Ошеломлённая женщина осторожно выложила на обеденный стул две упитанные, розовые куриные тушки, четыре красно-белых, картонных треугольных пакета с молоком, две стеклянные бутылки кефира с зелёными крышечками, батон молочной колбасы, четвертинку головки сыра, четыре пачки чая со слоном на этикетке, две жестяные банки кофе, две пачки кускового сахара, килограммовый мешки с гречкой и пшёнкой…
– Это же почти на десять рублей! – воскликнула она, окидывая круглыми глазами такое богатство.
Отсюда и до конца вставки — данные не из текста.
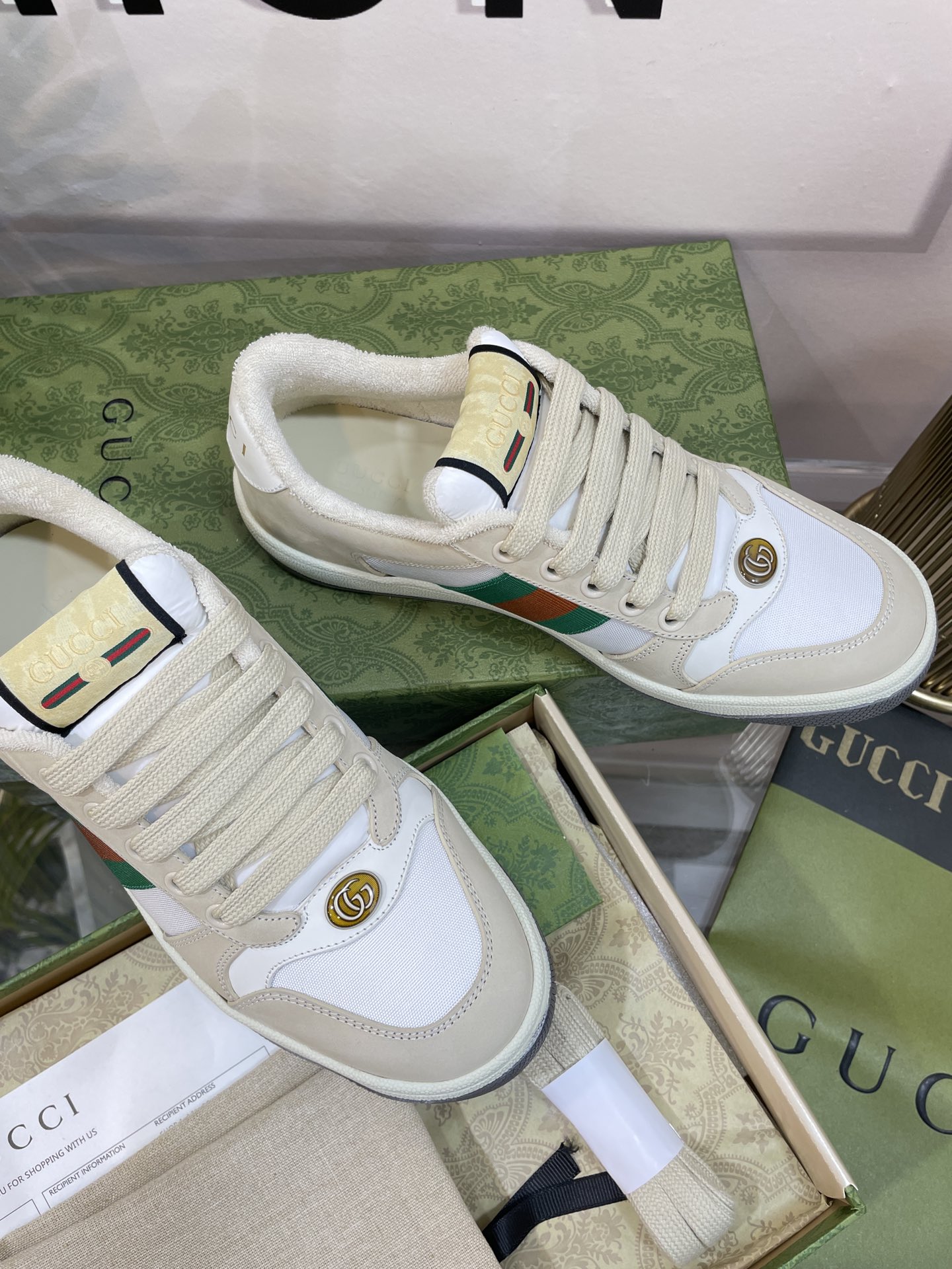 This shoes is AAAAA 1:1 quality (superb). Materials used are identical to the original ones. Gucci trademark marks are indistinguishable to the authentic. Photos take by actual shoes, what you receive will be 100% same with our photos.
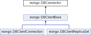 Inheritance diagram for mongo::DBConnector:Public Member Functions | |
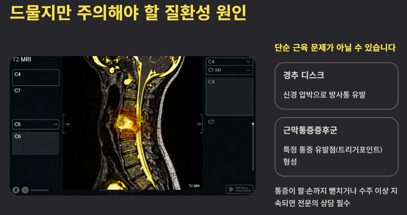 드물지만 경추 디스크나 근막통증증후군 같은 질환이 원인이 될 수도 있습니다.
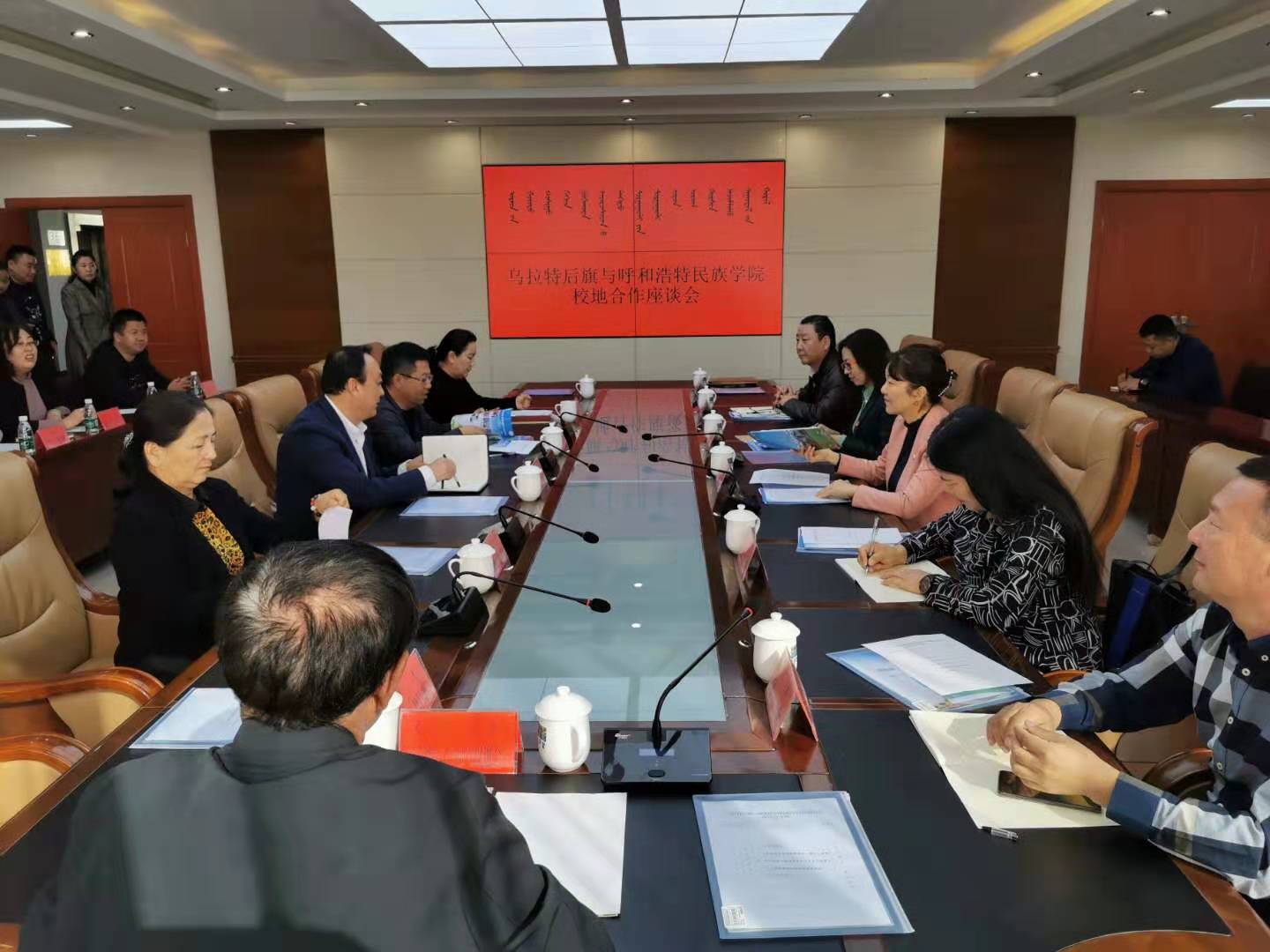 在實(shí)地查看了民族教育園區(qū)中學(xué)、小學(xué)、幼兒園具體情況后,雙方就進(jìn)一步推進(jìn)校地合作召開座談會(huì)。座談會(huì)上校地合作相關(guān)人員踴躍發(fā)言,就推進(jìn)校地進(jìn)一步合作提出了具體的意見建議。納麗娜副校長表示,校地合作是互利共贏的好事,針對(duì)新的合作意向,從民族文化的傳承與發(fā)展、特色專業(yè)建設(shè)、創(chuàng)新創(chuàng)業(yè)的開發(fā)、基地建設(shè)等多個(gè)方面都可推進(jìn)合作。我校將緊抓合作的良好契機(jī),為人才培養(yǎng)質(zhì)量的提升搭建平臺(tái),進(jìn)一步發(fā)揮智庫作用,努力服務(wù)地方經(jīng)濟(jì)社會(huì)發(fā)展。旗委書記白海林在講話中表示,近年來我旗經(jīng)濟(jì)等各方面發(fā)展日新月異,但教育、醫(yī)療等發(fā)展短板也日益凸顯,人才缺乏成為制約。呼和浩特民族學(xué)院與我旗開展校地合作,對(duì)補(bǔ)齊我旗發(fā)展短板有著至關(guān)重要的作用,旗委、政府將全力推進(jìn)校地合作。下一步希望通過雙方的精誠合作,為烏拉特后旗今后的高質(zhì)量發(fā)展打下堅(jiān)實(shí)基礎(chǔ)。
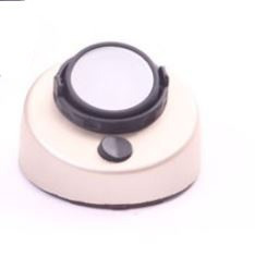 Taps toelopend. Voorzien van een aan en uit schakelaar. Voor o.a. Knaus/Fendt en Chateau. Voetplaat doorsnede 85mm. Hoogte 50mm. Kleur oud zilver.
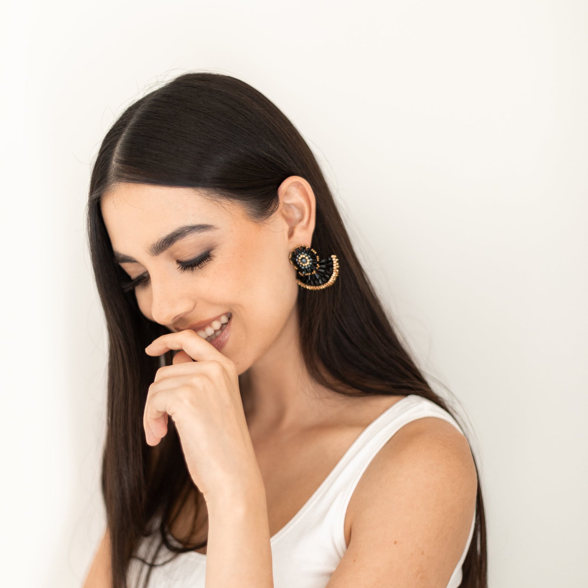 Destaca tu estilo con nuestros llamativos aretes en negro.
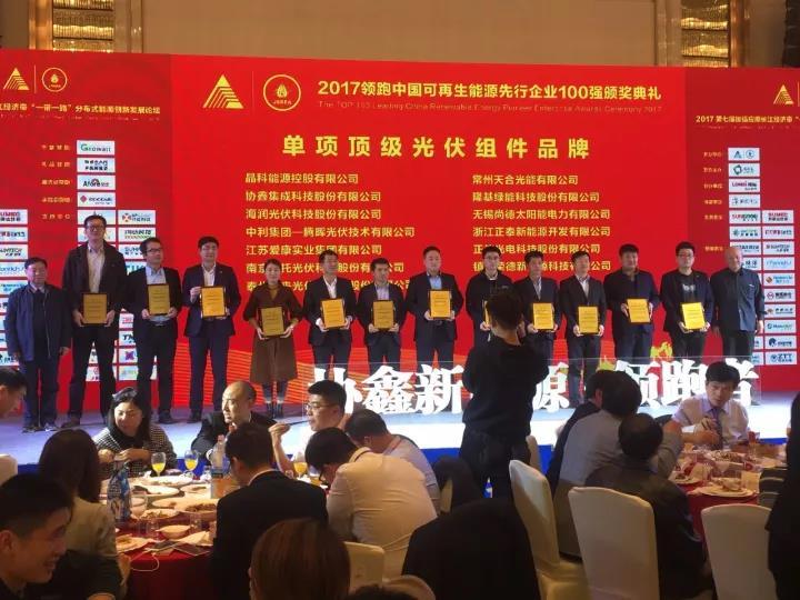 11月24日,2017年领跑中国可再生能源先行企业100强颁奖典礼在南京隆重召开。本次评选活动围绕创新、协调、绿色、开放、共享五大发展理念,着力推进可再生能源领域供给侧结构性改革,激励全国广大可再生能源企业和企业家坚持创新驱动发展战略,加快实现转型升级,不断提升可再生能源企业发展质量和效益。海润光伏以优秀的组件性能,卓越的光伏项目开发能力以及不断创新的企业经营理念,分别荣获“综合多能品牌奖牌”、“单项顶级光伏组件品牌奖牌”、“2017年领跑中国可再生能源先行企业100强 优秀企业家奖杯”三项大奖。
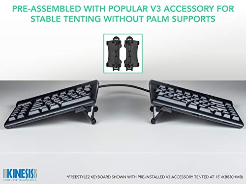 ADJUSTABLE TENTING: The Kinesis KB830 model keyboard is pre-assembled with the popular V3 tenting accessory which enables 5, 10, or 15 degrees of tenting (without palm supports) to keep forearms neutral for an optimal typing posture.

– А ты говоришь, что я всё пропиваю! – выдохнул Яков, с жадностью рассматривая гору еды на столе. Он под конец сегодняшних дружеских посиделок с директором уже плохо соображал, что ему говорила заместительница директора Лариса Ивановна, и почти не помнил, как она сунула ему в руку эту самую объёмную авоську с продуктами. Посмотрел на жену с чувством превосходства: – Ну, что? Знатные харчи?!
– Ты же не украл это всё, Яшенька? – не зная, что и думать, растерянно проговорила женщина и потрясла головой, словно отгоняя от себя наваждение.
– Да уж, хорошего ты мнения обо мне! – раздосадовано вскинул руки Яков. – Не был я никогда вором и не стану им. Мне сама замдиректора вручила этот паёк. Там всем такие дают. И угостили там же. Новая директриса сегодня для сотрудников поляну накрыла.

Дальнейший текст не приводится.